(Data extracted from a collection)
[Start of section]

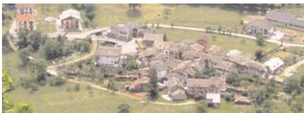
● Ortsteil Pretolungo.

Locana hält einen einzigartigen Rekord: Das Gemeindegebiet umfasst 90 Dörfer, die in früheren Jahrhunderten in 10 Herzogtümern vereint waren. Die Ortsnamen stammen aus dem Lateinischen und dem Langobardischen, andere gehen auf die Lehenszeit zurück oder verweisen auf Namen von Bäumen. Informationen zu Vermietung und Verkauf von rustikalen Häusern in den Dörfern erhalten Sie beim Fremdenverkehrsamt in Locana.
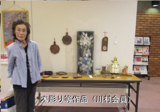
木彫り等作品 (川村会員)
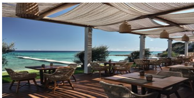
Das "Almyra Beach House"
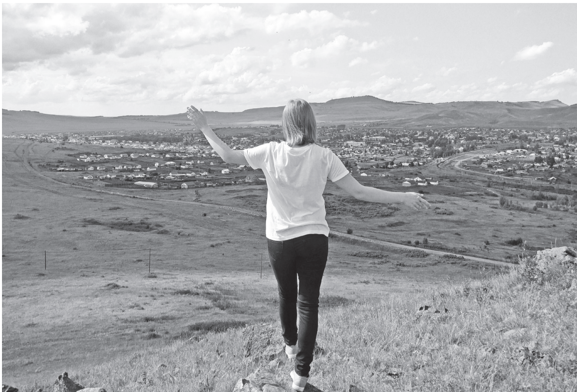
Я всегда люблю ставшим для меня родным посёлком, и на то время, что я живу здесь, он однозначно становится для меня домом

Ни одно лето не обходится без походов на речку или поездок на озёра, чтобы погрузиться в чистую водную гладь в жаркое
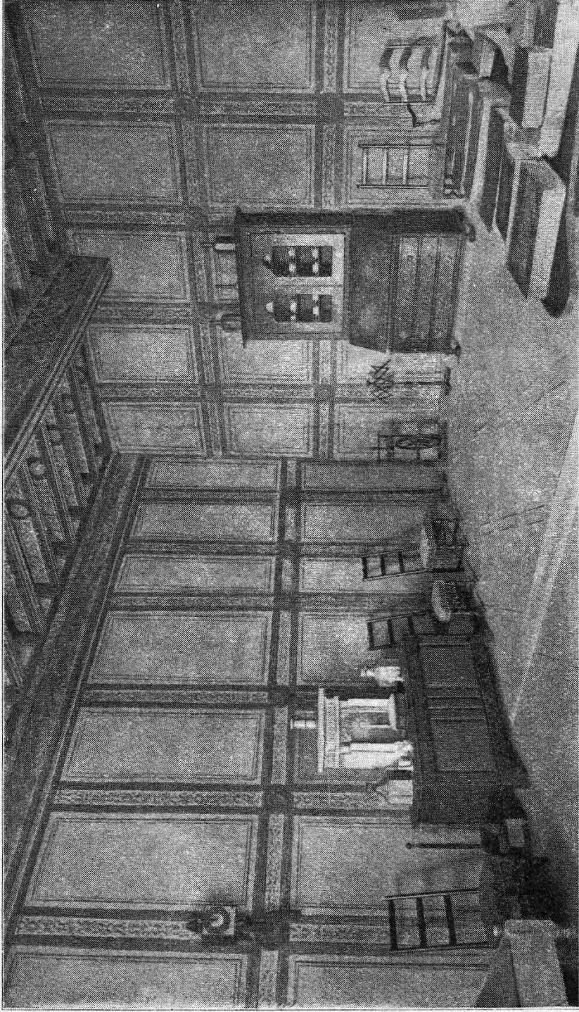
Ancienne salle de réception du prieur, puis du bailli, avec ses décorations murales restaurées par le peintre Ernest CORREVON, à Lausanne.
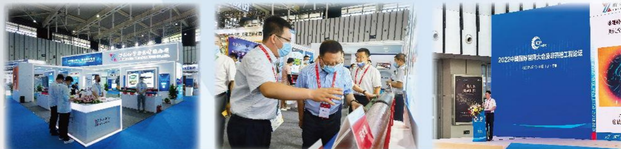
新兴铸管精彩亮相2022中国国际管网展

2022年,公司稳步推进信息安全保障工作,全面落实公司各项信息安全可靠防范措施。其中,修订信息安全类制度2项,开展网络安全应急演练5次,攻防演练9次,举办网络安全技能培训3次。利用国家网络安全宣传周,通过大屏、易拉宝等途径进行宣贯,提高全员信息安全意识,并组织签订《网络安全承诺书》。通过多管齐下,保证了各类信息系统安全稳定运行。
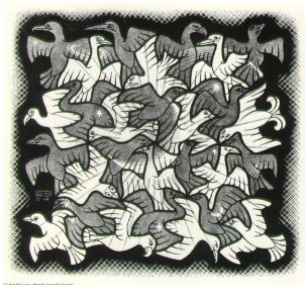
Escher, Sole e luna , 1948

In sintesi, penso che bisognerà creare nuovi momenti di ascolto di gruppo in cui sia possibile raccontarci l'esperienza comune e la sofferenza individuale.
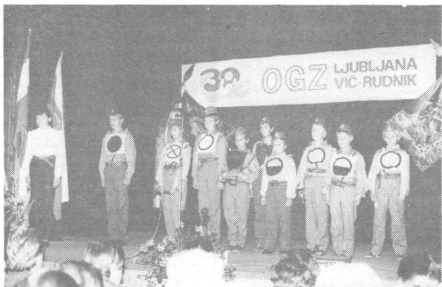
Ko smo opazovali iskren nastop mladih iškovarskih gasilcev, smo si želeli: da bi vsi ti fantje in dekleta tudi čez deset, petnajst let tako strumno stali v gasilski enoti in opravljali naloge, o katerih so odločno pripovedovali
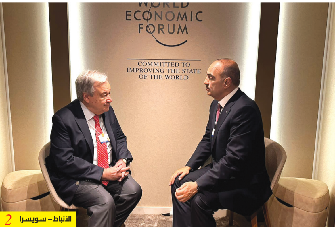
الأنباط - سويسرا 2
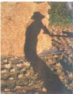
写真「夏の日」山本十三子

「純せい（シャイプール）」唐岩薫夫（白木谷）、 「絵巻」杉本孝一（立田）、 「特等席」木戸誠古（明見）、 「マイファミリー」西内誠一（金地）、 「ごらんご祭り」三田分、 「ジャンプしたカモメ」野村博之（物部）
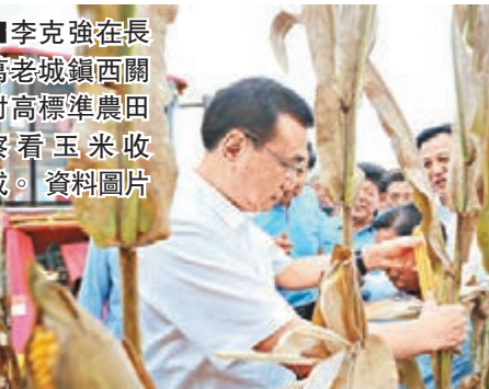
李克強在長葛老城鎮西關村高標準農田察看玉米收成。 資料圖片

今年1月1日，隨着河南省城鎮居民大病保險全部啟動，河南率先實現了大病保險城鄉居民全覆蓋。河南省對城鎮居民大病保險的財政補助也從最初60元增加至380元。「這意味着居民參保個人所需承擔的繳費比例將大幅下降，全民醫保參保人員個人負擔也將減輕。」河南省人社廳相關負責人接受當地媒體採訪時說。根據規定，大病保險實行醫療費用越多，報銷比例越高的政策，分段按比例報銷，年度最高支付限額為30萬元。
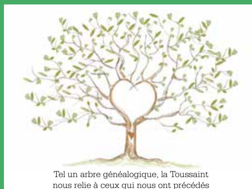
Tel un arbre généalogique, la Toussaint nous relie à ceux qui nous ont précédés

Cette importance de la généalogie se révèle aussi dans la vie et la mission de Jésus. Saint Mathieu démontre bien cet enracinement historique du Verbe fait chair. Nos parents
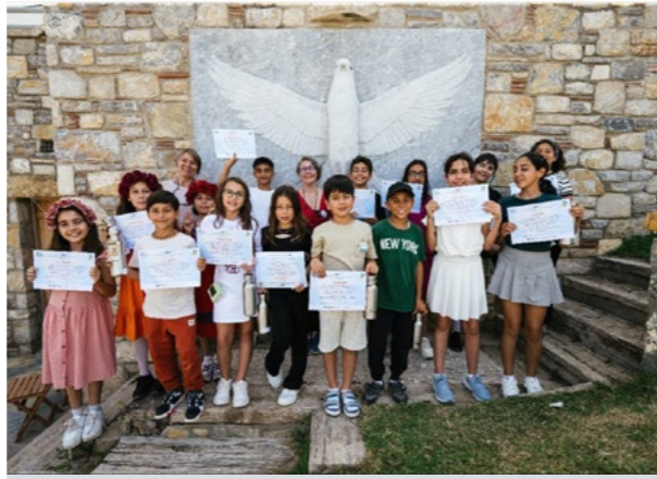
Kızıl Kirazkuşu: Datça'da İklim Değişikliği Odağında Kuraklıkla Mücadele

[End of section]

▸ Your instructions:
Starting at the line above that has "In sintesi, penso" and ending at the line that has "写真「夏の日」山本十三子", copy each line exactly, leaving the pictures out and adding nothing.

▸ Task output:
In sintesi, penso che bisognerà creare nuovi momenti di ascolto di gruppo in cui sia possibile raccontarci l'esperienza comune e la sofferenza individuale.
Ko smo opazovali iskren nastop mladih iškovarskih gasilcev, smo si želeli: da bi vsi ti fantje in dekleta tudi čez deset, petnajst let tako strumno stali v gasilski enoti in opravljali naloge, o katerih so odločno pripovedovali
الأنباط - سويسرا 2
写真「夏の日」山本十三子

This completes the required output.